A friend of mine had asked me to apply for a really amazing board position within my community. I could think of lots of reasons to say yes: a worthy cause, historical involvement on my part, working with peers I respect and admire, more exposure for the arts, the opportunity to make a difference, the compliment of being considered, the doors it could open up.
Sounds good, right?
But I declined.
And it hurt.
And they understood, but were disappointed.
(Side note: As my friend Emily would say, "WE NEED TO STOP RESPONDING TO THINGS WITH "AW" OR "BUMMER" OR "I'M SO DISAPPOINTED." Preach. Luckily, this person didn't guilt trip me but the shame level in most conversations like this is way too high.)
These situations are perfect storms of emotion for me. This is when I often panic, rear my head and heart back, and change positions . . . all to avoid the discomfort of . . . not being liked? I don't know. This is when I feel like a bad person for saying no. This is when I believe I'm missing out. This is when I start to wonder about scarcity - because if I don't take advantage of every moment or opportunity, there can't possibly be enough to go around. I'll be forgotten, left behind, ignored, not needed. I particularly worry when the next *thing* isn't entirely visible: like, if I'm saying no now, and nothing is around the corner, then what?
As you can see, it's never about the *thing* itself. It's always about the big questions: Am I enough? Am I loved? Am I seen? Am I heard?
My dear friend and life coach Jen has a podcast called First + Foremost, and I had the recent honor of chatting with her the other month about creativity and self-care, but also how to walk away from what's good to explore what's great. (Here's the full episode, if you'd like to listen!) During our talk, I told her listeners how I had stepped down from writing regularly at The Everygirl, and how challenging that decision was to make. At nearly every turn, I almost talked myself into staying.
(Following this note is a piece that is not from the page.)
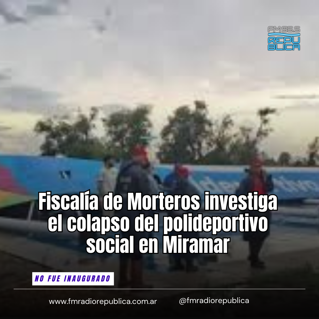02/12/2025 - El polideportivo social de Miramar colapsó en el mediodía del viernes, afortunadamente sin personas lesionadas debido a que la obra aun no había sido entregada. El Dr. Francisco Paygés, fiscal de instrucción de Morteros inició una investigación y el domingo junto al equipo de policía Judicial recorrido el lugar. “El viernes 28 de noviembre la provincia a través de la Procuración del Tesoro formuló denuncia relativa a las posibles irregularidades en la construcción del Polideportivo de Miramar”, dijo Payges marcando que “la particularidad es que se trataba de una obra no entregada ni inaugurada por lo tanto no había una entrega formal de la obra a la Provincia”.

But the truth is, I didn't want to do it anymore. It was as simple and as complicated as that.
For example: they had given me a chance with writing after I had my son, and I felt immensely grateful for that . . . but I was ready to try some new writing projects. I loved their team of editors, and the freedom they offered me topically . . . but I didn't feel as committed as I had at the beginning. I met my deadlines . . . . but with a sort of resigned sense of obligation.
With every reason - and trust me, they were good reasons! - my heart kind of sank as I thought, "But . . . I don't want to do this anymore."
So I listened, and I stepped down as a regular contributor. I felt a sense of relief right away, followed by the normal oh shit sensation that accompanies anything outside of my comfort zone ('cuz people pleasing is DEF in that zone). And you guys, I still feel the pangs of that decision, even though it was the right one. Still!
This is how it goes, though. Every important decision I've ever made involved that kind of tension.
Distancing myself from friends who don't really show up for me? Yes, *wrinkles nose.* Taking an extended break from teaching yoga? Yup, I have days where I miss it, terribly. Walking away from a toxic relationship? Ow, ow, ow, because I loved that person at the same time. Drinking less booze and eating my vegetables? Blah, I'd rather have wine and pizza every day. Putting my phone down at night to give my son more attention? Haaaaaard. (Does a good mom admit this? Unsure.) Staying home on a Friday night to go to bed early? Boring but necessary some weeks. Having tricky yet vulnerable conversations with my husband? Deep breath, I don't always wanna.
Maybe you've felt the same way. Tough choices come in minor or major forms, and each one presents you with an opportunity to pause, and ask yourself: "Is this what I want?"
No, but really - is this what I want? If it is, I find a way to say yes. I just do. I figure it out, and I bet you do, too.
Two articles come to mind. One is the infamous "hell yeah or no" concept by Derek Sivers:
The other is a piece on peer pressure by Amelia Diamond, who says,
I'm keeping these approaches in mind all the time these days. I can't prioritize what I care about if I'm constantly saying yes to other people's priorities for me. And neither can you.
Last thing: when your people honor their priorities, lift them up. Say, "Good for you." Champion their ability to do what's right for them, for their family and their mental health or their financial security or WHATEVER, even if you disagree. Obviously, there's a difference between being totally self-centered and making choices with integrity, but hopefully you can discern between the two. Because the more you witness people who walk away from what's good to explore what's great, the sooner you can learn how to do it for yourself.
See yourself. Hear yourself. Love yourself, and trust you are enough. Wait for when you want to walk through the door that opens, even if you're scared or tired or unsure. And say no until then so you can make space for your yes.